Usung 'Bigger Dream', MMSGI dan Yayasan LINE Berdayakan Masyarakat Bidang Pendidikan
Perusahaan Unicorn energi berkelanjutan, MMS Group Indonesia (MMSGI), menggandeng Yayasan Life After Mine (LINE) guna mempertegas komitmennya dalam menghadirkan dampak sosial berkelanjutan melalui program 'Bigger Dream'.
Chief Executive Officer (CEO) MMSGI, Sendy Greti mengatakan, melalui program Bigger Dream, pihaknya berkomitmen menghadirkan perubahan positif di bidang pendidikan dan pemberdayaan masyarakat pada pilar pendidikan.
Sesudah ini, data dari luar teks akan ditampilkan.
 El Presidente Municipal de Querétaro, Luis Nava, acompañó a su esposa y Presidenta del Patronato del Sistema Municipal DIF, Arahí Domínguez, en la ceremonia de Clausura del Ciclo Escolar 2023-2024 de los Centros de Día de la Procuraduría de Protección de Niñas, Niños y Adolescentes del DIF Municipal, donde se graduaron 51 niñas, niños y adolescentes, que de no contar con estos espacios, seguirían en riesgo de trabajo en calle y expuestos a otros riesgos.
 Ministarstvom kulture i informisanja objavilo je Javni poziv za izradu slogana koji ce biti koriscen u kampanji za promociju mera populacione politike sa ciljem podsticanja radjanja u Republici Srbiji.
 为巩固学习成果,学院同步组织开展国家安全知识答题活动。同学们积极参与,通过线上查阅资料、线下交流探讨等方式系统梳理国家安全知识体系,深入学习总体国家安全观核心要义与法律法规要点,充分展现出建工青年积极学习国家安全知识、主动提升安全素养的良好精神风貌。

"Kami berharap dapat menciptakan dampak yang nyata, berkesinambungan, dan memberi kesempatan lebih luas bagi anak-anak Indonesia untuk berani bermimpi lebih besar," kata Sendy dalam keterangannya, Jumat, 26 September 2025.
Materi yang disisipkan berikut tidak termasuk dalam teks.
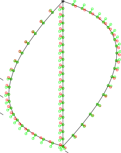 This convention of blade placement will also produce element orientations with tangential vectors along the trailing edge of a cross section and normal vectors outward from the machine center.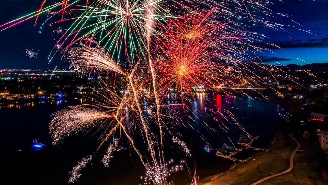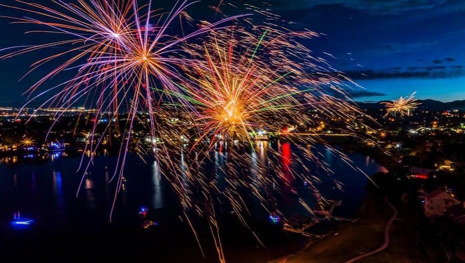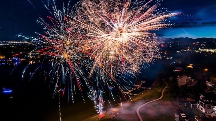 It will be a fully permitted, insured, professional fireworks show over the water!!! Bee Lake Productions, and our own Kevin Work, did an amazing job last year.!!! Check out a few sample drone photos below (by Gorilla Capturing), from last year's show.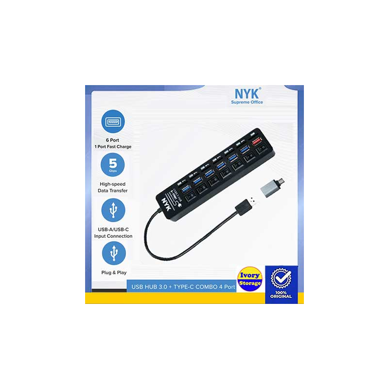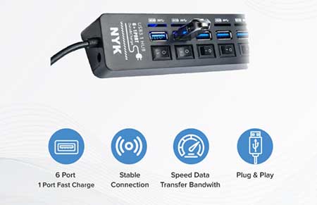 NYK 6+1 PORT USB HUB 3.0 U32-26 memiliki konfigurasi komponen internal yang dapat memperbanyak jumlah port atau koneksi USB komputer Anda dari 1 buah koneksi USB3.0 menjadi 6 buah koneksi USB3.0 dengan kecepatan transfer data 5Gbps dan 1 buah koneksi USB Fast Charging 20W, Auto - ID, indentitas pribadi pada masing-masing USB yang bebas gangguan kerja, saklar on-off disetiap koneksi hub, kerja tanpa eksternal power adaptor dan memiliki kabel pemanjang konektor USB sehingga Anda dapat menghubungkan secara bersamaan 7 buah peralatan eksternal(hampir 127 jenis peralatan semisal:printer/scanner/card reader/flashdisk/audio system/peralatan input lainnya) dan mencharging perangkat Anda(hingga 20 watt) ke 1 port USB komputer Anda dengan bebas kendala koneksi dan dapat memati-nyalakan koneksi di setiap jalur hub-nya).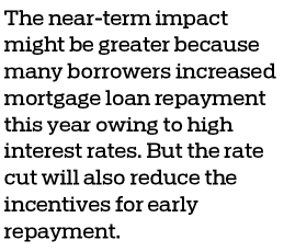 The interest rate cut on existing mortgage loans could boost consumption to a certain extent. A 100 basis point interest rate cut on the 38 trillion yuan of outstanding mortgage loans could save Chinese consumers 0.4 trillion yuan a year, equivalent to roughly 1 percent of annual retail sales. The near-term impact might be greater because many borrowers increased mortgage loan repayment this year owing to high interest rates. But the rate cut will also reduce the incentives for early repayment.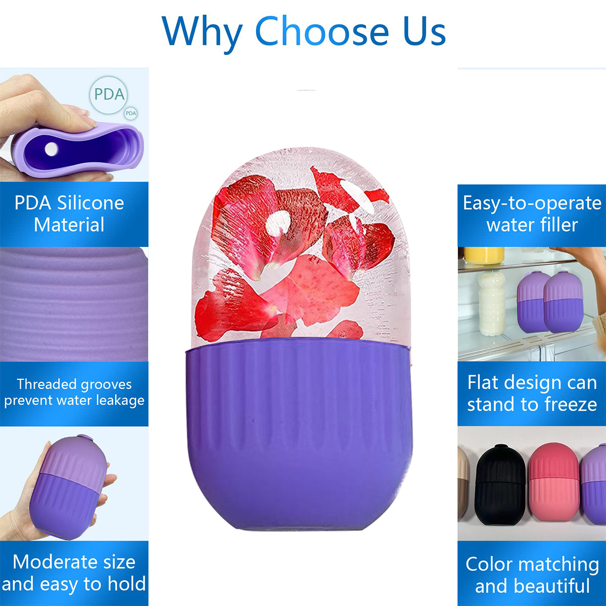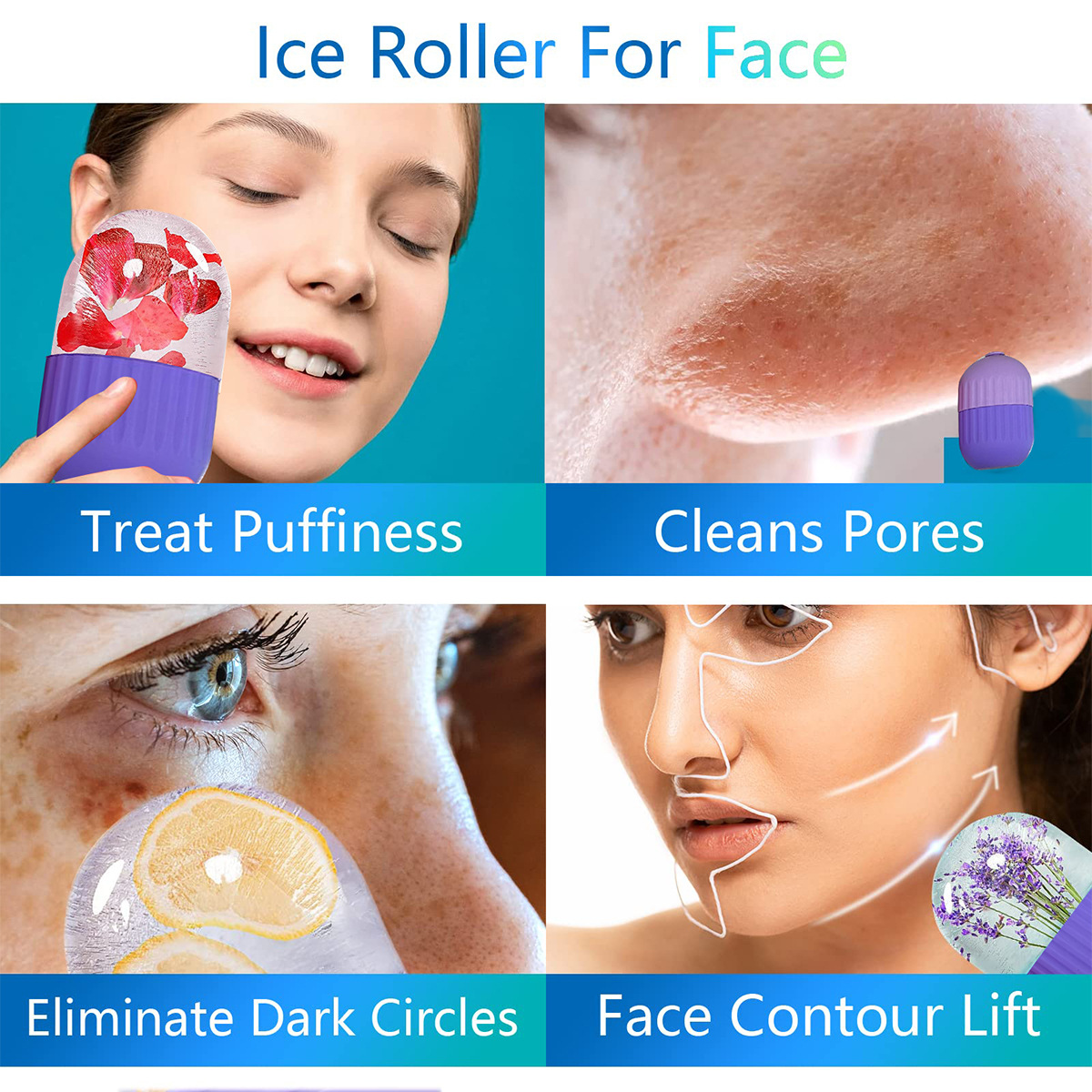 YOUBLOOM Beauty Face Ice Holder Face Ice Cube Mold Massager Remove puffiness Silicone Facial Massage Ice Roller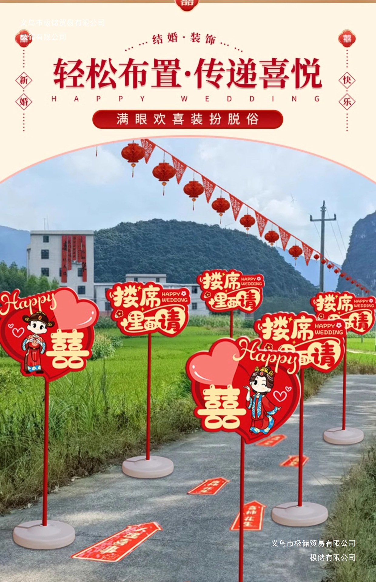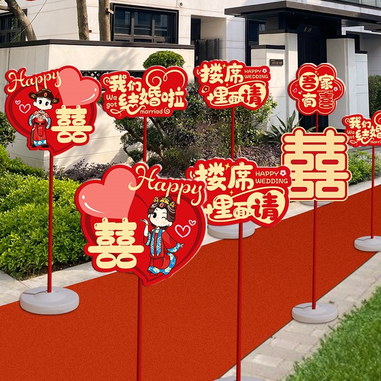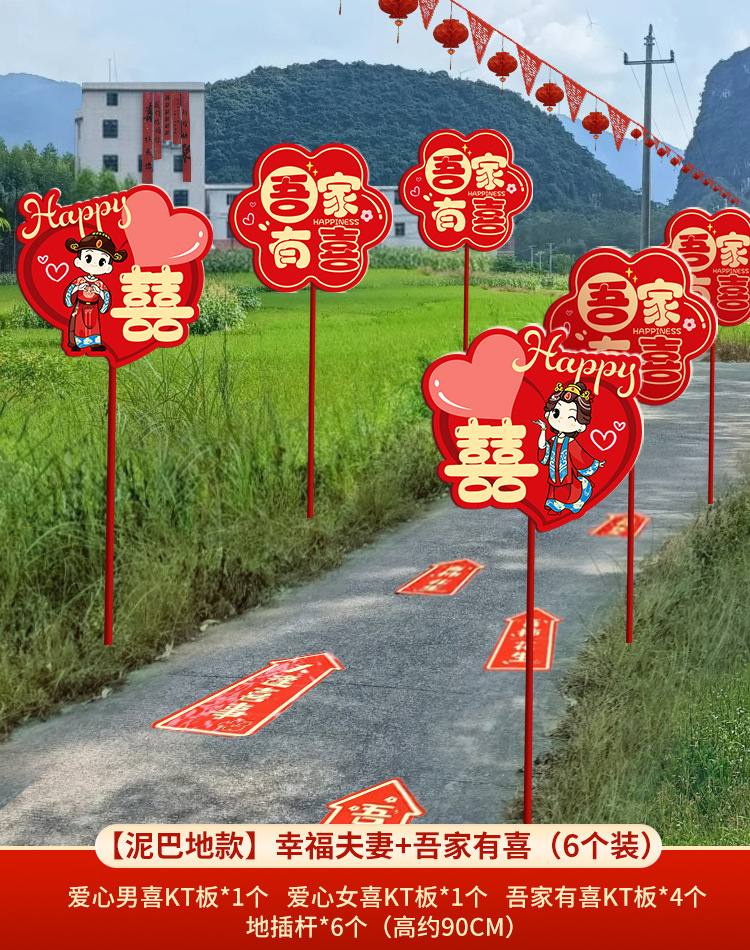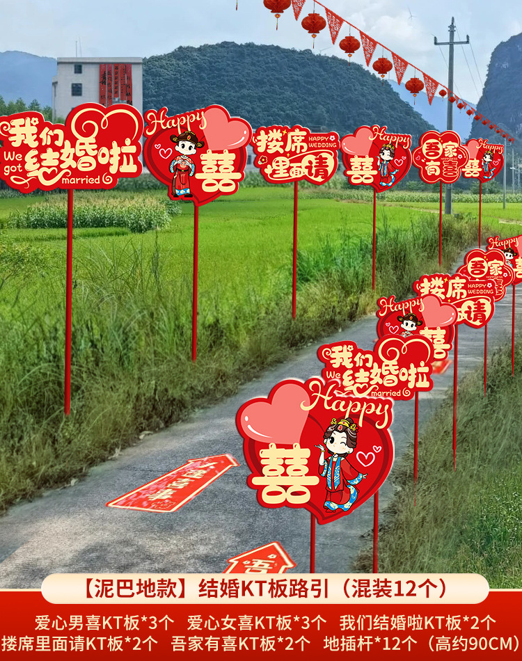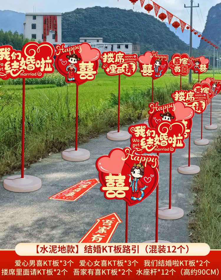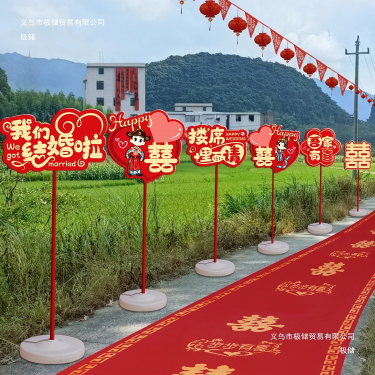 结婚礼路引指示牌板路标装饰农村庭院子布置引路牌婚庆用品极储

Keceriaan anak-anak sekolah dasar meriahkan back to school edisi puasa bareng
Dia menjelaskan, program ini dirancang dengan berbagai pilar fokus yang dapat dijalankan sesuai kebutuhan masyarakat. Untuk pilar pendidikan, Bigger Dream dimulai di Jakarta dengan target renovasi satu sekolah setiap tahunnya, sekaligus menghadirkan dukungan bagi siswa dan guru melalui penyediaan fasilitas belajar serta kegiatan relawan.
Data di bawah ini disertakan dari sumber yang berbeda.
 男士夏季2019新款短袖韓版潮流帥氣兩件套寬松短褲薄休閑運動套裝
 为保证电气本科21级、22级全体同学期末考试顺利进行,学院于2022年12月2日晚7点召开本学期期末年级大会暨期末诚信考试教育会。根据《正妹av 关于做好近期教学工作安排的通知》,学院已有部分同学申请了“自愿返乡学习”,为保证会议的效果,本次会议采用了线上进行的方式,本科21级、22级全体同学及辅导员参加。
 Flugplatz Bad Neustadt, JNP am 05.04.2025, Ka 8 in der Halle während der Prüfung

Tahun ini, selain kegiatan di Jakarta yang masih terus berlangsung, Bigger Dream juga hadir di Bali dengan rangkaian aksi yang memadukan kepedulian lingkungan, dukungan pendidikan, dan pemberdayaan masyarakat.
Rangkaian kegiatan di Bali diawali dengan aksi bersih-bersih Pantai Jerman, Kabupaten Badung, yang melibatkan komunitas relawan Dewata Shelter, Miss Tourism International Indonesia 2025 Ni Made Dwiguna Pradyaniswari, serta puluhan relawan lainnya.
Usai kegiatan di pantai, rombongan melanjutkan aksi sosial dengan menyalurkan donasi bagi warga terdampak banjir di Desa Ubung Kaja, Denpasar. Bantuan berupa makanan dan tas sekolah berisi perlengkapan belajar diharapkan dapat meringankan beban masyarakat serta menjaga semangat anak-anak untuk tetap bersekolah pasca bencana.
Selanjutnya, MMSGI dan Yayasan LINE melanjutkan program dengan mengunjungi Yayasan Pembinaan Anak Cacat (YPAC) Bali di Jimbaran. mereka pun melakukan renovasi atap dan pengecatan ruang kelas, untuk menciptakan lingkungan belajar yang lebih aman dan nyaman.
"Selain renovasi, bantuan berupa sembako serta fasilitas pendukung lainnya juga diserahkan untuk mendukung kebutuhan sehari-hari penghuni asrama. Langkah ini diharapkan mampu meningkatkan motivasi belajar sekaligus memberikan kenyamanan bagi anak-anak di YPAC," ujarnya.
Senada, Ketua Yayasan LINE, Mochammad Bihar menegaskan, kolaborasi ini merupakan bukti nyata kepedulian yang dapat menghadirkan perubahan berkelanjutan.
"Program Bigger Dream di Bali adalah bukti bahwa kepedulian bisa menjadi gerakan bersama. Kami terbuka bagi siapa pun yang ingin menyalurkan program berdampak luas, karena hanya dengan kolaborasi kita dapat menciptakan perubahan nyata bagi masyarakat Indonesia," ujarnya.